Pride aside, I sought out help.
Stop 1: ESPN.com. Surely they will have the advice for me!
Indeed, bracketologists and senior analysts await me. I read Andy Katz's predictions. Not bad, not bad. He likes Stanford winning it all; I can like Stanford winning it all. After writing the Cardinal in all the way to the title, I go back to the men's tourney home page. Wait, Dick Vitale likes Kentucky? I erase my way back to a clean bracket. I decide to a) stick with the pencil and b) scout some more.
Stop 2: One of my fellow Collegian women's basketball writers, the one who taught me that "dime" is street-ball slang for an assist.
"Florida will go far," he assures me.
"Really?" I asked, ready to pencil them in to the Elite Eight.
"Well, I'm kind of biased," he admits. "My friend plays for them." Oh, wonderful. There's the objective opinion sportswriters love.
The East Rutherford bracket remains blank.
Stop 3: Collegian assistant night sports editors. "I'm picking Monmouth, Illinois-Chicago, Liberty and Texas-San Antonio for the Final Four," the first one proclaims. Thanks, but no thanks. The second one holds up the insert The Philadelphia Inquirer puts out.
"This is exactly why I read this paper today," he says, with a huge grin. "I can scout all the teams. It's great!"
I glance through it. Great, indeed. But all the words and numbers make my head spin.
The whole bracket remains blank.
Stop 4: The lab I work in. Scientists do still follow sports.
"Paul, your Final Four?" I anxiously ask one of the other undergrads. He's got Georgia Tech, Duke, Connecticut and Pittsburgh -- but that's subject to change. OK, so why Georgia Tech? "I've watched them a bunch this year, and I really like them." Then we go to the computer so I can see his complete bracket. The headline story on ESPN.com when the page loads: Why Georgia Tech could lose in the first round. "Well, everybody has his own opinion," he says, shrugging it off. No kidding!
The St. Louis bracket remains blank.
I go to one of the grad students.
"Jordan, there are too many choices," I whine.
"Well, that's why you enter two different brackets in each pool," he suggests.
The Phoenix bracket remains blank.
Stop 5: My dad. After all, as my mom likes to note, he watches basketball all the time. He convinces me to stick with Duke in Atlanta. Ready to scribble it in, I consider that this is the man who cost me 10 points of extra credit in my fifth grade math class by offering me ill-advised picks.

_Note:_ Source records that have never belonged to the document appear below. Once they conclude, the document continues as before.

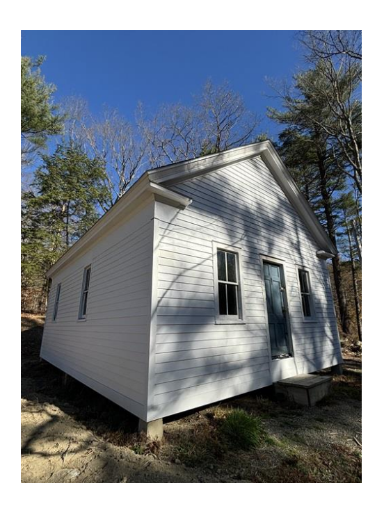
Red Rock One Room Schoolhouse continues to make progress ...

The Red Rock Historical Society Schoolhouse Restoration Committee is pleased to report that the exterior landscaping is done, and the outside of the building is repaired, painted and buttoned up for the winter.
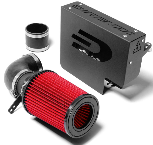
Ford Focus MK2 ST225 Air Induction Kit.
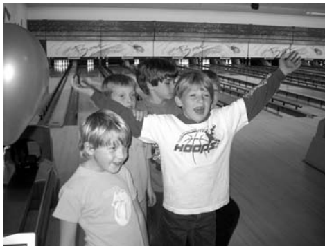
A team of youth enjoy themselves

The Optimist Club provides the venue and the logistics of the bowlathon. The kids' groups and non profit organizations raise money by asking for pledges. All of the money stays in the community. This year Westwoods Elementary PTC, Northern Lights Skating, Young Marines, the Boys and Girls Club of Grand Traverse, the Montessori Childrens House, and others participated in the bowlathon.
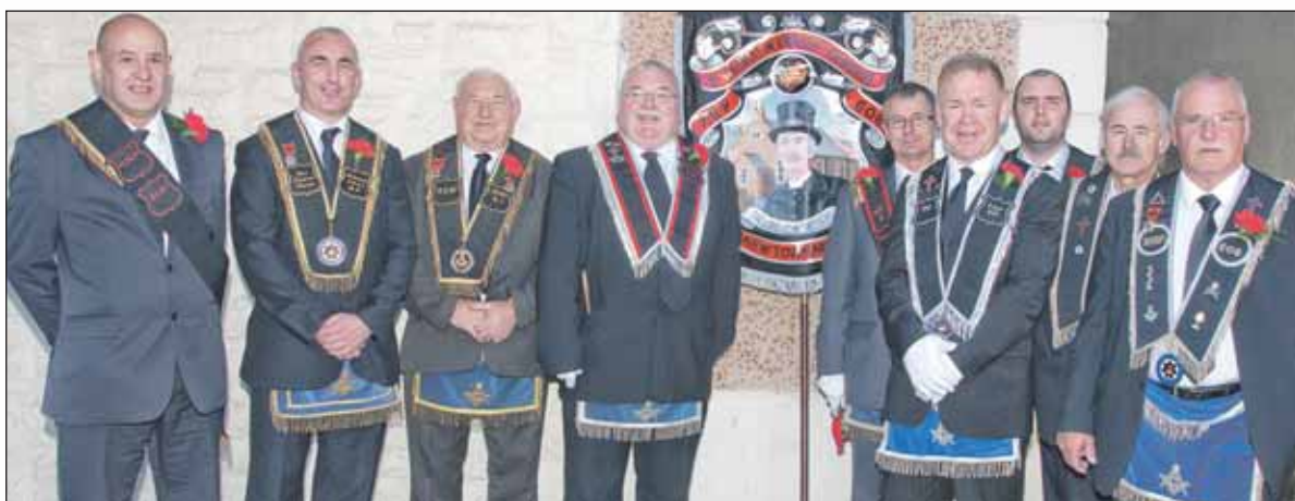
Members from the Rev Thomas McIlwrath Memorial RBP No 606, Newtownards. RB78

Sixty preceptories were on parade, including 2,300 members of the Institution. They were accompanied by 33 bands.

The Atlanta bracket remains blank.
Two days and countless opinions later, I am still one confused girl. So I switch to a pen and haphazardly attack the bracket. Cute mascots result in Elite Eight appearances. Schools in warm locales have an edge. Soon enough, my bracket is full, and it took only five minutes.

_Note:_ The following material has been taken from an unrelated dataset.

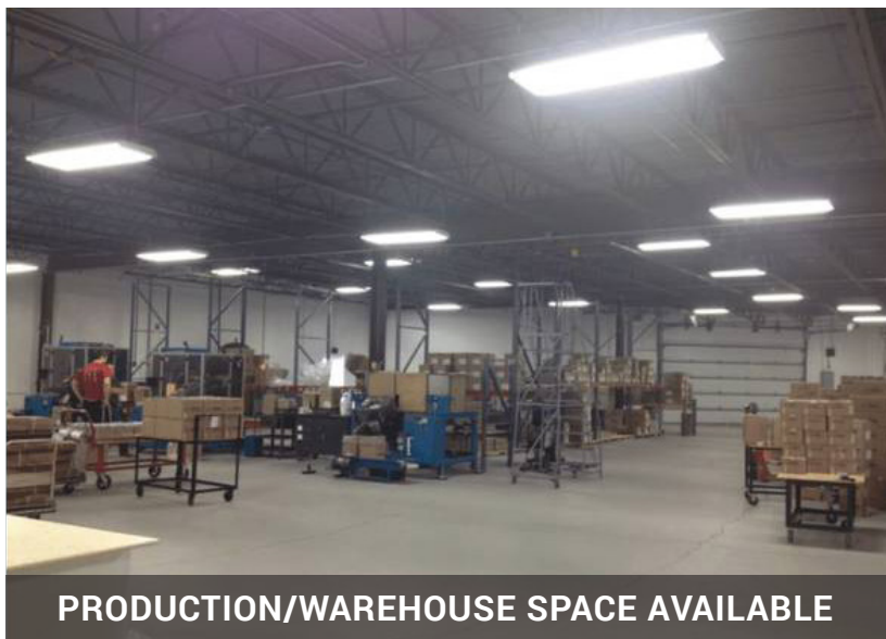
PRODUCTION/WAREHOUSE SPACE AVAILABLE

Because, let's be honest: Despite the authority of all the bracketologist research analysts, senior sportswriters and self-proclaimed college basketball buffs, things get crazier than anyone can predict in the Big Dance. We all know that No. 1 and No. 2 seeds are pretty much safe in the first round, yes, but after that, any reason -- lovely school colors perhaps -- can be the right reason to pick a team.
With that being said, Salukis of Southern Illinois tear it up! A natural pick as my parents hail from the Land of Lincoln; you went all the way in my final submission. You won't let me down?